[Record excerpts]
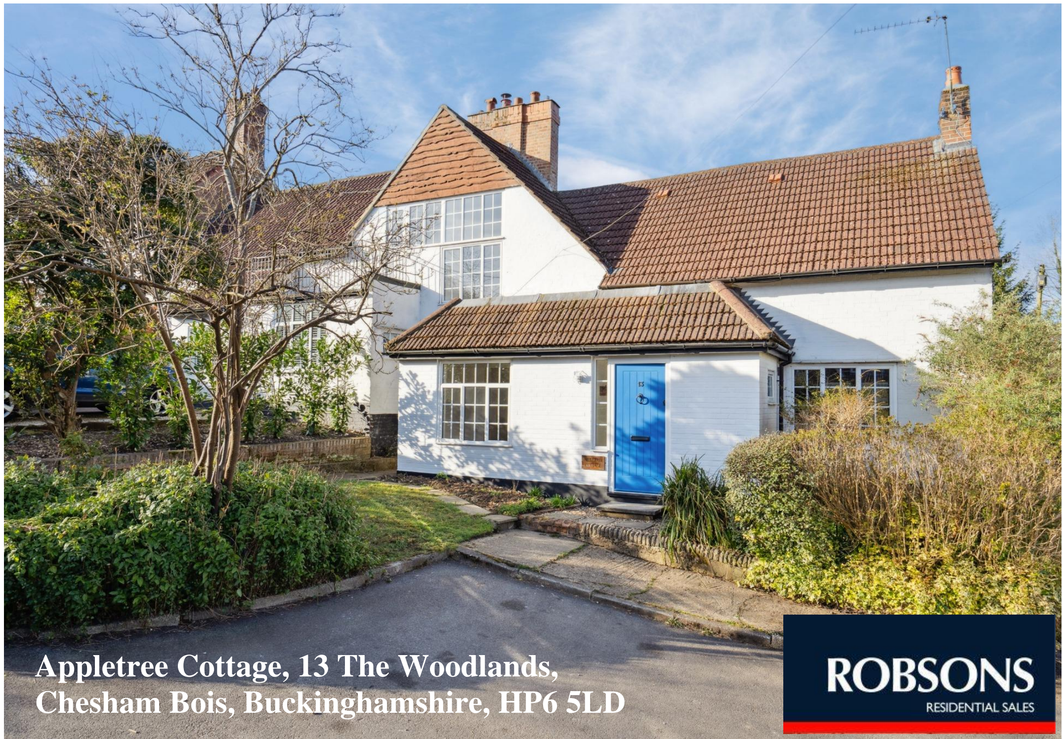
Appletree Cottage, 13 The Woodlands, Chesham Bois, Buckinghamshire, HP6 5LD
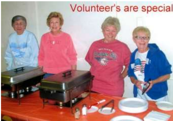
Our special Auxiliary volunteers served Spaghetti and all the fix'ins to the homeless vets from the MI Veterans Foundation.
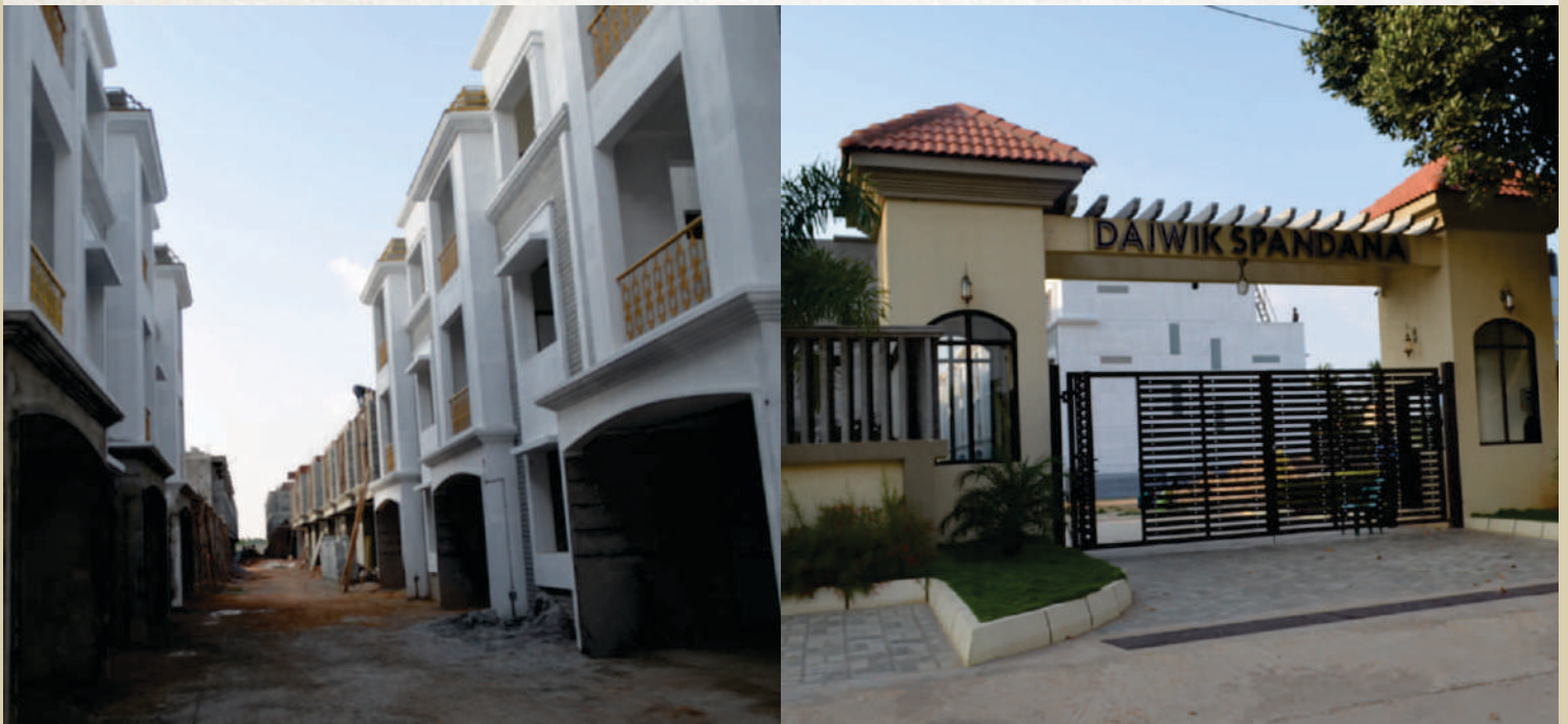
Contructions in full Swing
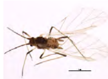
[Dorsal] Hyperomyzus BIN URI: BOLD:AAV6754
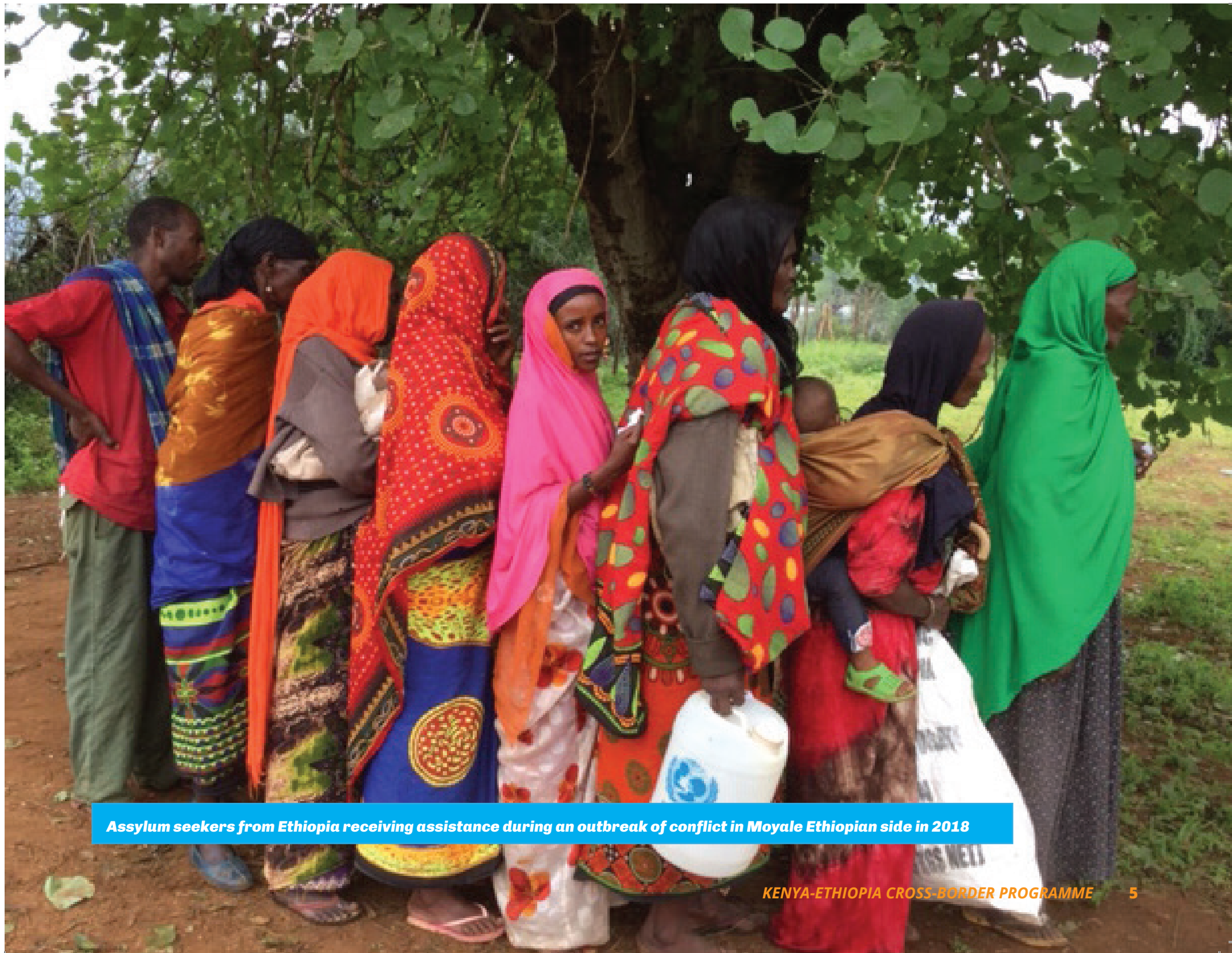
Assylum seekers from Ethiopia receiving assistance during an outbreak of conflict in Moyale Ethiopian side in 2018
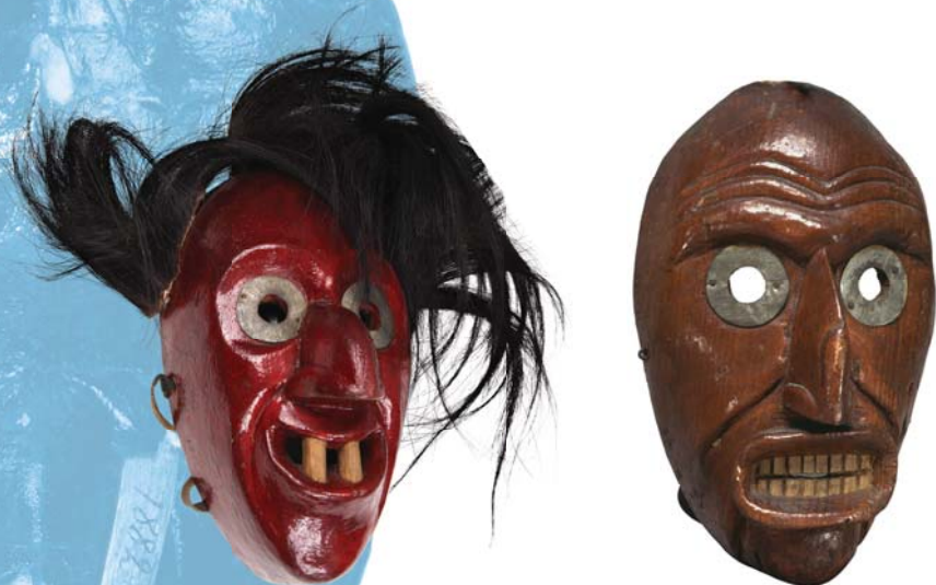
▲ Masks of the "False Faces" society

Ceremonies of these secret societies were accompanied by singing and dancing and the sound of drums, and rattles made of tortoise shells.
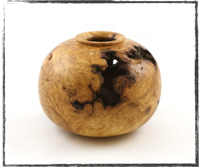
Maple Burl (Lake Placid)
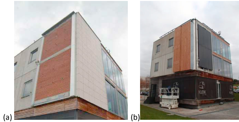
Fig. 2. Test area at first floor of west-facing façade in KUBIK facility: (a) original brick wall before installation; (b) BERTIM prototype installed.
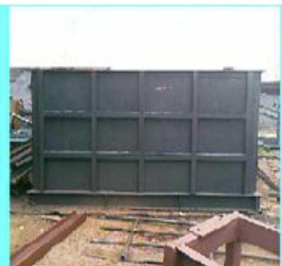
Surge Hopper Kin

TOUGHROLL™ A PRODUCT BY CNC VISWAKIRTI CONVEYORS SDN. BHD.
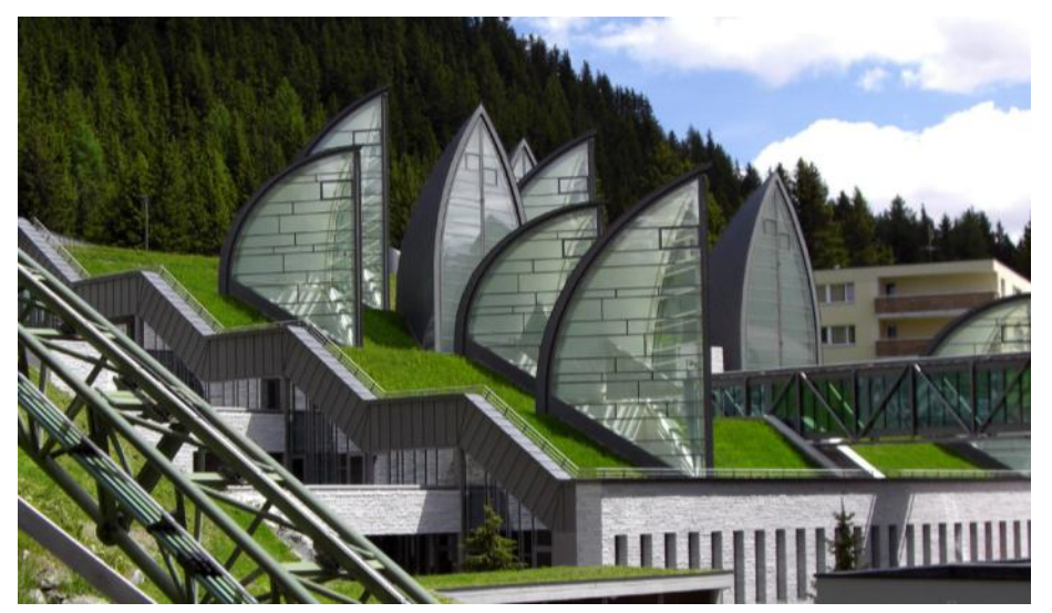
The eight light sails – a construction made of steel and glass.
[/Record excerpts]
Your reply should repeat the entries above exactly, leaving the pictures out.

Appletree Cottage, 13 The Woodlands, Chesham Bois, Buckinghamshire, HP6 5LD
Our special Auxiliary volunteers served Spaghetti and all the fix'ins to the homeless vets from the MI Veterans Foundation.
Contructions in full Swing
[Dorsal] Hyperomyzus BIN URI: BOLD:AAV6754
Assylum seekers from Ethiopia receiving assistance during an outbreak of conflict in Moyale Ethiopian side in 2018
▲ Masks of the "False Faces" society

Ceremonies of these secret societies were accompanied by singing and dancing and the sound of drums, and rattles made of tortoise shells.
Maple Burl (Lake Placid)
Fig. 2. Test area at first floor of west-facing façade in KUBIK facility: (a) original brick wall before installation; (b) BERTIM prototype installed.
Surge Hopper Kin

TOUGHROLL™ A PRODUCT BY CNC VISWAKIRTI CONVEYORS SDN. BHD.
The eight light sails – a construction made of steel and glass.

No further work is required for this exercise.